▸ **Assignment**
Nothing but the pictures is dropped; write out all the remaining data below exactly.

▸ **Information provided**
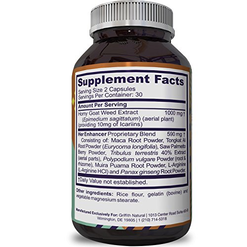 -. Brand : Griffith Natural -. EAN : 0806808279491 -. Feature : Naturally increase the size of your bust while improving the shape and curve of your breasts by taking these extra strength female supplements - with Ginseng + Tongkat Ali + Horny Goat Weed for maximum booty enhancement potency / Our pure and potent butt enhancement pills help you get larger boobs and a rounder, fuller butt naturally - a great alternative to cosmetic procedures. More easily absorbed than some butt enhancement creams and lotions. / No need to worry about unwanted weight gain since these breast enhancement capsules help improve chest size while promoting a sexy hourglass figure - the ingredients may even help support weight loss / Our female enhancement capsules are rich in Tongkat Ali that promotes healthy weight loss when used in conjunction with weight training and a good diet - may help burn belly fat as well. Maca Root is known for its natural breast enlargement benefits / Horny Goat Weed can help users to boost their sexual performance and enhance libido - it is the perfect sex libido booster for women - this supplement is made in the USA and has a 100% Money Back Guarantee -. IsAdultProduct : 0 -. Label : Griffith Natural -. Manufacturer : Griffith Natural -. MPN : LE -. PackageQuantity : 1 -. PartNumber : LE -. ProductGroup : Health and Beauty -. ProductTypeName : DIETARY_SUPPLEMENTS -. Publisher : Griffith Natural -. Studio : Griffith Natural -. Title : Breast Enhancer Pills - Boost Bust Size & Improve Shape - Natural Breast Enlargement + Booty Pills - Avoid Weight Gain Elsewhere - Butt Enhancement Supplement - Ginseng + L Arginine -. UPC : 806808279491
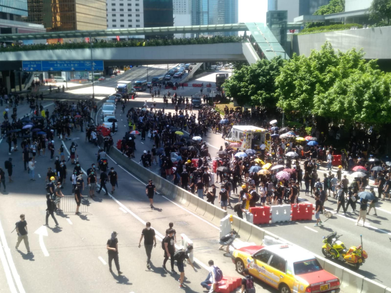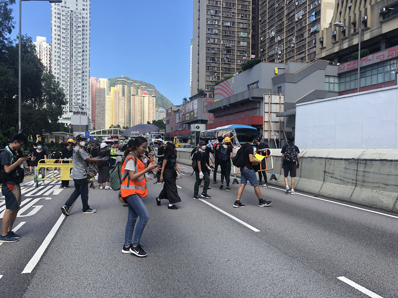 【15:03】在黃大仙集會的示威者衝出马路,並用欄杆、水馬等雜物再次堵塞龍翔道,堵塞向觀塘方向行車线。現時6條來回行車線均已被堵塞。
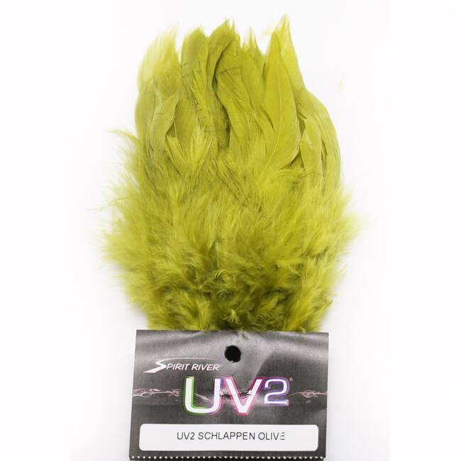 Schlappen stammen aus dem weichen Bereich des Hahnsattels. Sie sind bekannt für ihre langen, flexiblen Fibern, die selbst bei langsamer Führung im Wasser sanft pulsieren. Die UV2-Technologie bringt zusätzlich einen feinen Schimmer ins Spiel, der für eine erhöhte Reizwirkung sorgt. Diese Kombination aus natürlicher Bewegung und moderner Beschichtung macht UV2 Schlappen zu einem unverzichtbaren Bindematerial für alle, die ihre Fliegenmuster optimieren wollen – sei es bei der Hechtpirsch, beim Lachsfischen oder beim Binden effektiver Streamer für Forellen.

▸ **Output of the task**
 -. Brand : Griffith Natural -. EAN : 0806808279491 -. Feature : Naturally increase the size of your bust while improving the shape and curve of your breasts by taking these extra strength female supplements - with Ginseng + Tongkat Ali + Horny Goat Weed for maximum booty enhancement potency / Our pure and potent butt enhancement pills help you get larger boobs and a rounder, fuller butt naturally - a great alternative to cosmetic procedures. More easily absorbed than some butt enhancement creams and lotions. / No need to worry about unwanted weight gain since these breast enhancement capsules help improve chest size while promoting a sexy hourglass figure - the ingredients may even help support weight loss / Our female enhancement capsules are rich in Tongkat Ali that promotes healthy weight loss when used in conjunction with weight training and a good diet - may help burn belly fat as well. Maca Root is known for its natural breast enlargement benefits / Horny Goat Weed can help users to boost their sexual performance and enhance libido - it is the perfect sex libido booster for women - this supplement is made in the USA and has a 100% Money Back Guarantee -. IsAdultProduct : 0 -. Label : Griffith Natural -. Manufacturer : Griffith Natural -. MPN : LE -. PackageQuantity : 1 -. PartNumber : LE -. ProductGroup : Health and Beauty -. ProductTypeName : DIETARY_SUPPLEMENTS -. Publisher : Griffith Natural -. Studio : Griffith Natural -. Title : Breast Enhancer Pills - Boost Bust Size & Improve Shape - Natural Breast Enlargement + Booty Pills - Avoid Weight Gain Elsewhere - Butt Enhancement Supplement - Ginseng + L Arginine -. UPC : 806808279491
 【15:03】在黃大仙集會的示威者衝出马路,並用欄杆、水馬等雜物再次堵塞龍翔道,堵塞向觀塘方向行車线。現時6條來回行車線均已被堵塞。
 Schlappen stammen aus dem weichen Bereich des Hahnsattels. Sie sind bekannt für ihre langen, flexiblen Fibern, die selbst bei langsamer Führung im Wasser sanft pulsieren. Die UV2-Technologie bringt zusätzlich einen feinen Schimmer ins Spiel, der für eine erhöhte Reizwirkung sorgt. Diese Kombination aus natürlicher Bewegung und moderner Beschichtung macht UV2 Schlappen zu einem unverzichtbaren Bindematerial für alle, die ihre Fliegenmuster optimieren wollen – sei es bei der Hechtpirsch, beim Lachsfischen oder beim Binden effektiver Streamer für Forellen.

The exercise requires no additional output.